# [Instructions to follow]
Without the images, write out the whole listing exactly.

# [Data section]

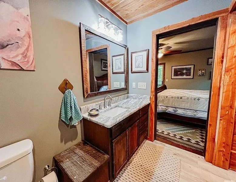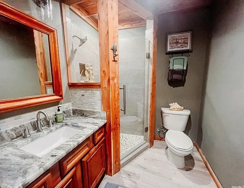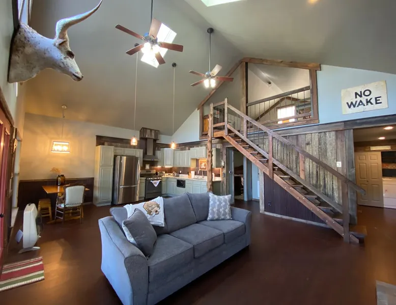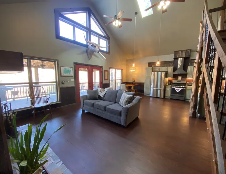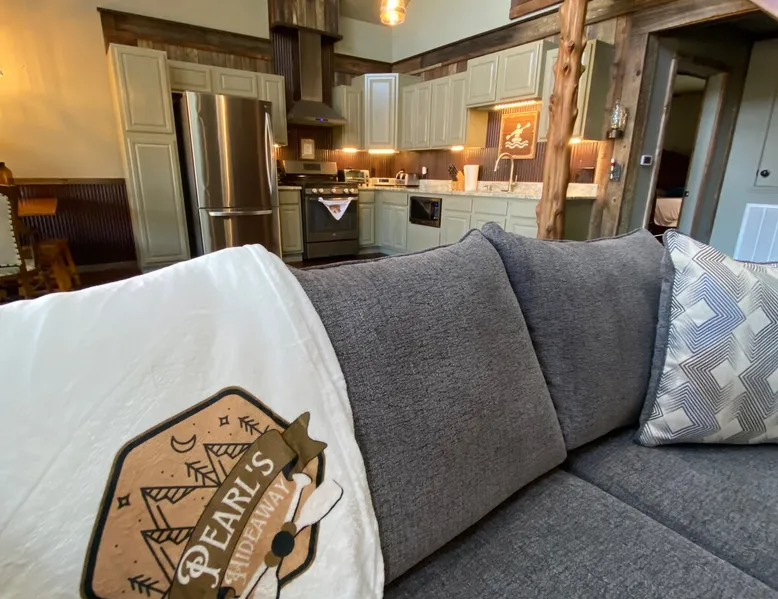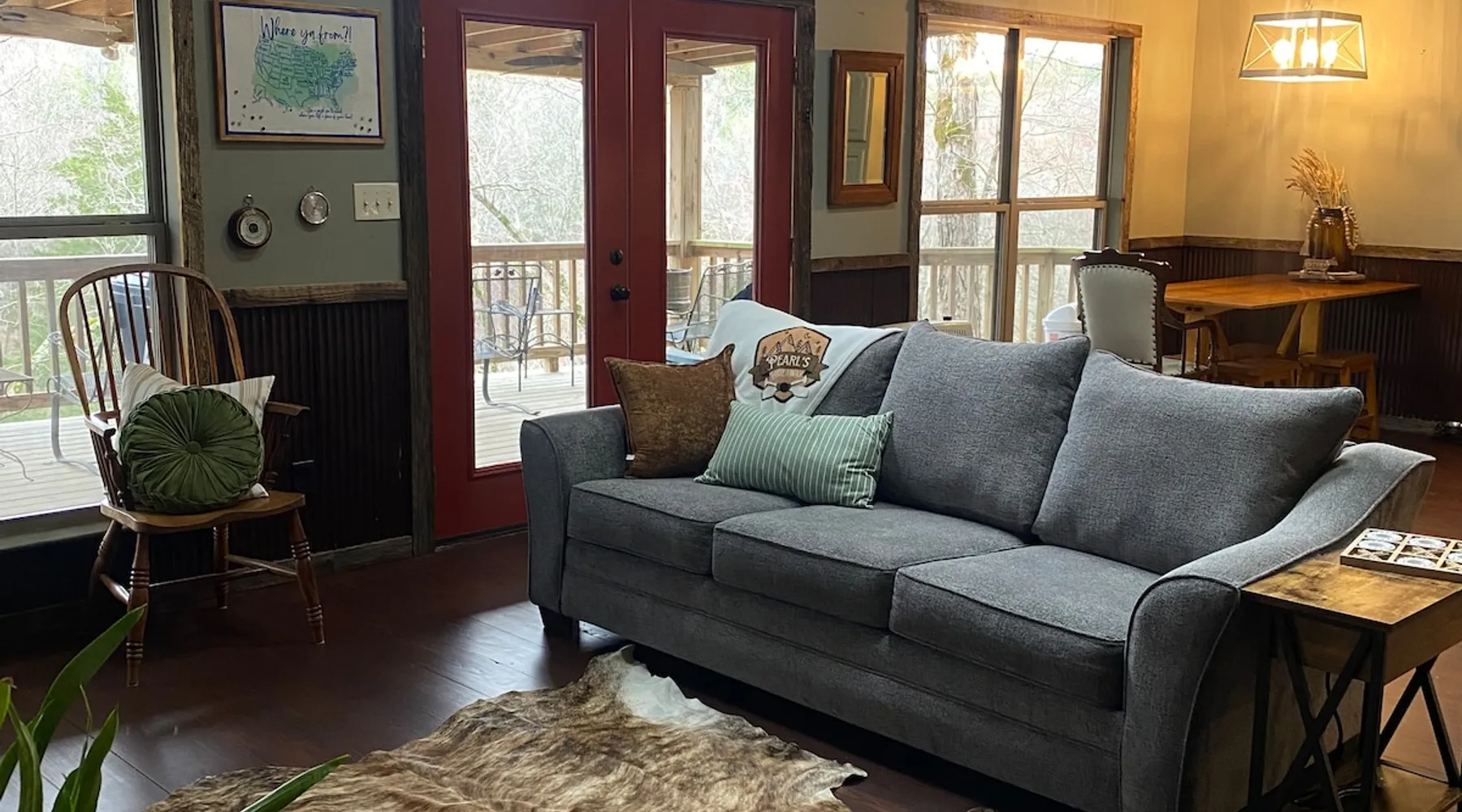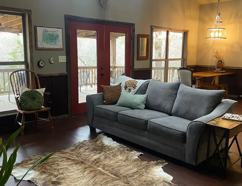 Take it easy at this unique, private getaway. This FABULOUS cabin on the Cadron Creek is 20 min to Greers Ferry Lake, and great if you are headed to Branson. It is tucked away, yet 20 minutes to Conway! The main level has a spacious bedroom, attached bathroom with walk in shower. The upstairs loft has space for an extra guests (4) to sleep. (One full size bed and a bunk bed.) Cuddle up with the wood burning fireplace, huge TV, and enjoy nature with the large deck that overlooks the Cadron Creek. The space Bring your kayak and canoes for a quick excursion for the weekend or use the two on the property. Both bathrooms have walk in showers. Pullout couch also converts into a bed if needed. Make sure you bring your fishing poles and cast a line off the bank into the Cadron Creek. Guest access You'll have the whole house to yourself! Other things to note The Pearl's Hideaway Cabin is approx 1,160 Square Feet and located 14 minutes from Woolly Hollow State Park, 8 minutes to Greenbrier's Matthews Park which is home to 55 acres of fun complete with a walking trail, skate park and inclusive playground. Enjoy Greenbrier's array of antique stores, retail and dining options. Enjoy our premium COZY EARTH linens. PH is proud to offer premium sheets for our guests that are 100% premium viscose from bamboo. PH is pet friendly, with a small pet fee. We just ask that you take full responsibility cleaning up after your pet (sweep, clean up excessive hair) and agree to cover any damage they might cause.
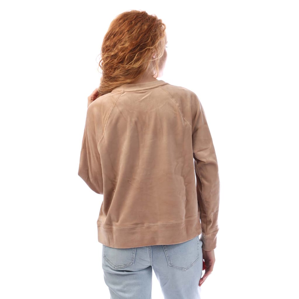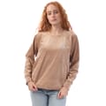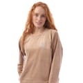 Womens DKNY Rhinestone Velour Logo Crew Neck Sweatshirt in beige.
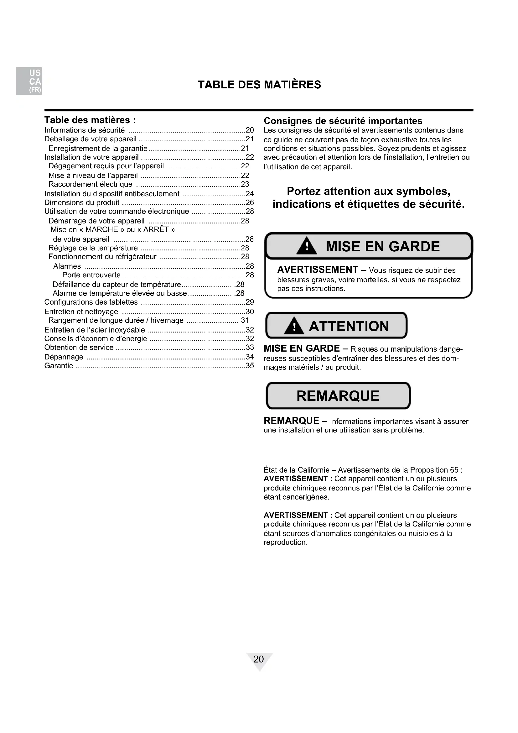 AVERTISSEMENT – Vous risquez de subir des blessures graves, voire mortelles, si vous ne respectez pas ces instructions.MISE EN GARDE – Risques ou manipulations dange-reuses susceptibles d’entraîner des blessures et des dom-mages matériels / au produit.REMARQUE – Informations importantes visant à assurer une installation et une utilisation sans problème.État de la Californie – Avertissements de la Proposition 65 :AVERTISSEMENT : Cet appareil contient un ou plusieurs produits chimiques reconnus par l’État de la Californie comme étant cancérigènes.AVERTISSEMENT : Cet appareil contient un ou plusieurs produits chimiques reconnus par l’État de la Californie comme étant sources d’anomalies congénitales ou nuisibles à la reproduction.21

# [Task result]
 Take it easy at this unique, private getaway. This FABULOUS cabin on the Cadron Creek is 20 min to Greers Ferry Lake, and great if you are headed to Branson. It is tucked away, yet 20 minutes to Conway! The main level has a spacious bedroom, attached bathroom with walk in shower. The upstairs loft has space for an extra guests (4) to sleep. (One full size bed and a bunk bed.) Cuddle up with the wood burning fireplace, huge TV, and enjoy nature with the large deck that overlooks the Cadron Creek. The space Bring your kayak and canoes for a quick excursion for the weekend or use the two on the property. Both bathrooms have walk in showers. Pullout couch also converts into a bed if needed. Make sure you bring your fishing poles and cast a line off the bank into the Cadron Creek. Guest access You'll have the whole house to yourself! Other things to note The Pearl's Hideaway Cabin is approx 1,160 Square Feet and located 14 minutes from Woolly Hollow State Park, 8 minutes to Greenbrier's Matthews Park which is home to 55 acres of fun complete with a walking trail, skate park and inclusive playground. Enjoy Greenbrier's array of antique stores, retail and dining options. Enjoy our premium COZY EARTH linens. PH is proud to offer premium sheets for our guests that are 100% premium viscose from bamboo. PH is pet friendly, with a small pet fee. We just ask that you take full responsibility cleaning up after your pet (sweep, clean up excessive hair) and agree to cover any damage they might cause.
 Womens DKNY Rhinestone Velour Logo Crew Neck Sweatshirt in beige.
 AVERTISSEMENT – Vous risquez de subir des blessures graves, voire mortelles, si vous ne respectez pas ces instructions.MISE EN GARDE – Risques ou manipulations dange-reuses susceptibles d’entraîner des blessures et des dom-mages matériels / au produit.REMARQUE – Informations importantes visant à assurer une installation et une utilisation sans problème.État de la Californie – Avertissements de la Proposition 65 :AVERTISSEMENT : Cet appareil contient un ou plusieurs produits chimiques reconnus par l’État de la Californie comme étant cancérigènes.AVERTISSEMENT : Cet appareil contient un ou plusieurs produits chimiques reconnus par l’État de la Californie comme étant sources d’anomalies congénitales ou nuisibles à la reproduction.21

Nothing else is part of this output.